◆ Exercise
Since the listing below shows pictures, leave them out and write out exactly the lines from the line with "Abstraktní vícebarevná elegantní" to the line with "Ce jean coupe", both included, and no others.

◆ Exercise material
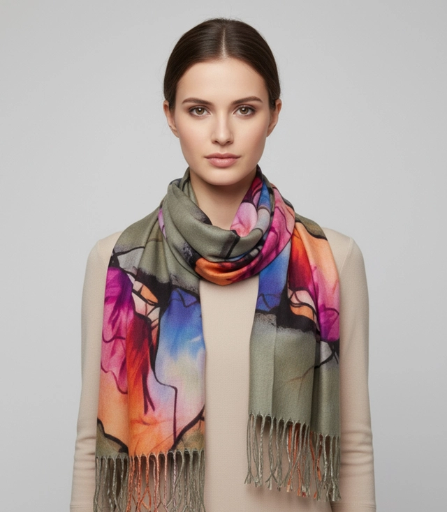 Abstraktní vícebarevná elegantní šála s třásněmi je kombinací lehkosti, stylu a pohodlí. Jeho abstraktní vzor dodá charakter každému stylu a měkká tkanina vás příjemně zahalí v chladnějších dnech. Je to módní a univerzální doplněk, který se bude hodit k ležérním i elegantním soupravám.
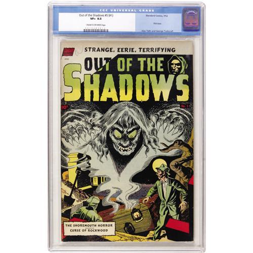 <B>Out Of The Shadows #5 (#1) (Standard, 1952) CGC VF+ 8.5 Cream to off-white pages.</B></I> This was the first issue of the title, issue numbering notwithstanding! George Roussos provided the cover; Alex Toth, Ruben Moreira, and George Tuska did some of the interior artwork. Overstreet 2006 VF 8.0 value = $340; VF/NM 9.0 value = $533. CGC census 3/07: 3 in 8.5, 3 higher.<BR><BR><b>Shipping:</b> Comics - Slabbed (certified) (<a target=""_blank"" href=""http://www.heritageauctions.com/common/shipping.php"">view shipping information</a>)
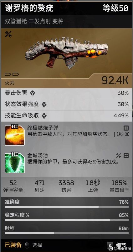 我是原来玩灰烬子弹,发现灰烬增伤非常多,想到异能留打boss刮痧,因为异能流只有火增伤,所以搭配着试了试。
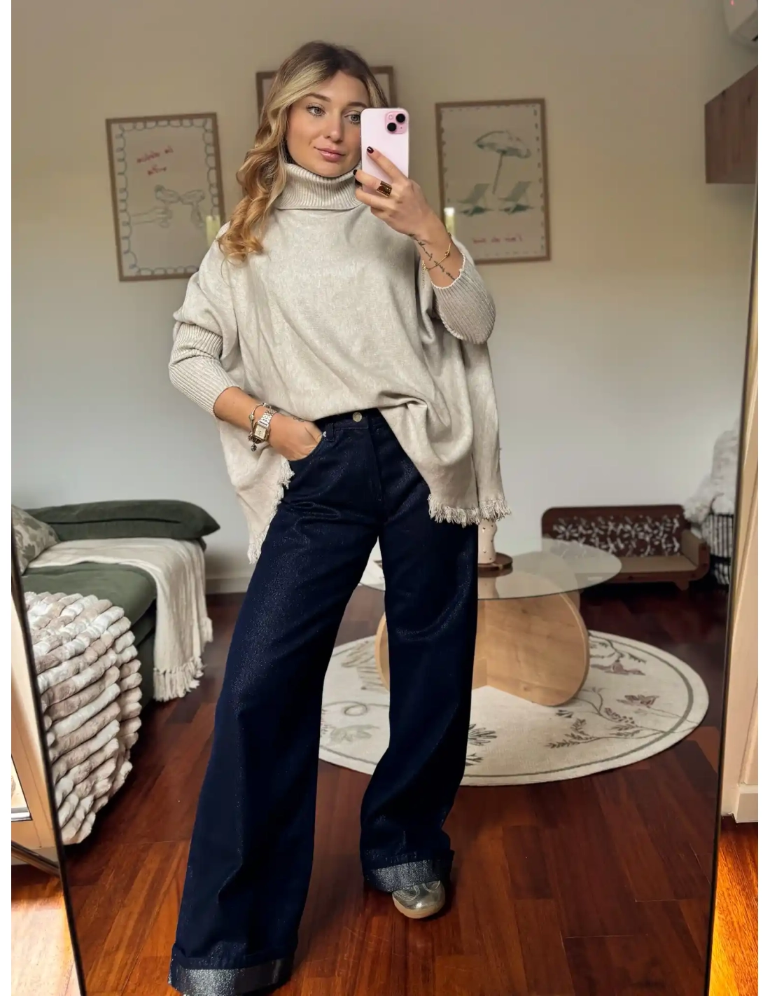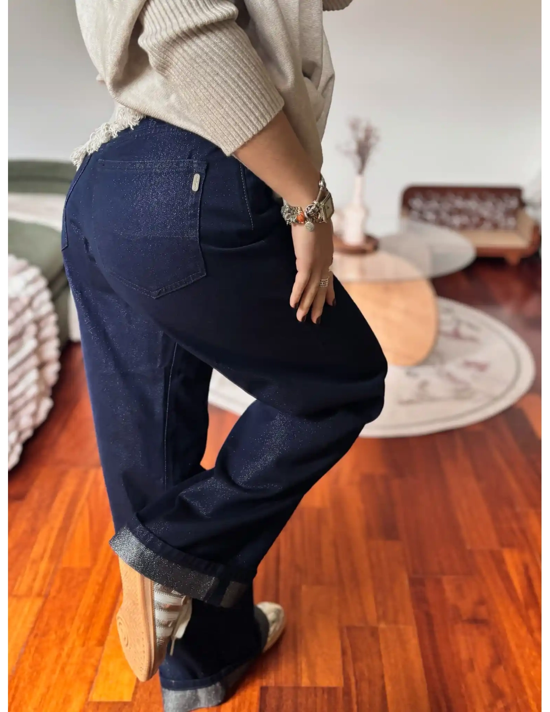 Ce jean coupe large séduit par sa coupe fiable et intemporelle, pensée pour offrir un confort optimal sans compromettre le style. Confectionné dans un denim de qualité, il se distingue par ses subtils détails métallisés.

---

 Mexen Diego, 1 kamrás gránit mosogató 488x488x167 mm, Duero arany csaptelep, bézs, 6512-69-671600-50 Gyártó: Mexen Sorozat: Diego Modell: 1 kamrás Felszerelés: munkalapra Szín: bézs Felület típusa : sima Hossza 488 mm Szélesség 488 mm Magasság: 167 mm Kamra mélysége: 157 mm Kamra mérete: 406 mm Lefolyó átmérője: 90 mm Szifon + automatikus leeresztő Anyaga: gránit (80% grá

◆ Response to the task
 Abstraktní vícebarevná elegantní šála s třásněmi je kombinací lehkosti, stylu a pohodlí. Jeho abstraktní vzor dodá charakter každému stylu a měkká tkanina vás příjemně zahalí v chladnějších dnech. Je to módní a univerzální doplněk, který se bude hodit k ležérním i elegantním soupravám.
 <B>Out Of The Shadows #5 (#1) (Standard, 1952) CGC VF+ 8.5 Cream to off-white pages.</B></I> This was the first issue of the title, issue numbering notwithstanding! George Roussos provided the cover; Alex Toth, Ruben Moreira, and George Tuska did some of the interior artwork. Overstreet 2006 VF 8.0 value = $340; VF/NM 9.0 value = $533. CGC census 3/07: 3 in 8.5, 3 higher.<BR><BR><b>Shipping:</b> Comics - Slabbed (certified) (<a target=""_blank"" href=""http://www.heritageauctions.com/common/shipping.php"">view shipping information</a>)
 我是原来玩灰烬子弹,发现灰烬增伤非常多,想到异能留打boss刮痧,因为异能流只有火增伤,所以搭配着试了试。
 Ce jean coupe large séduit par sa coupe fiable et intemporelle, pensée pour offrir un confort optimal sans compromettre le style. Confectionné dans un denim de qualité, il se distingue par ses subtils détails métallisés.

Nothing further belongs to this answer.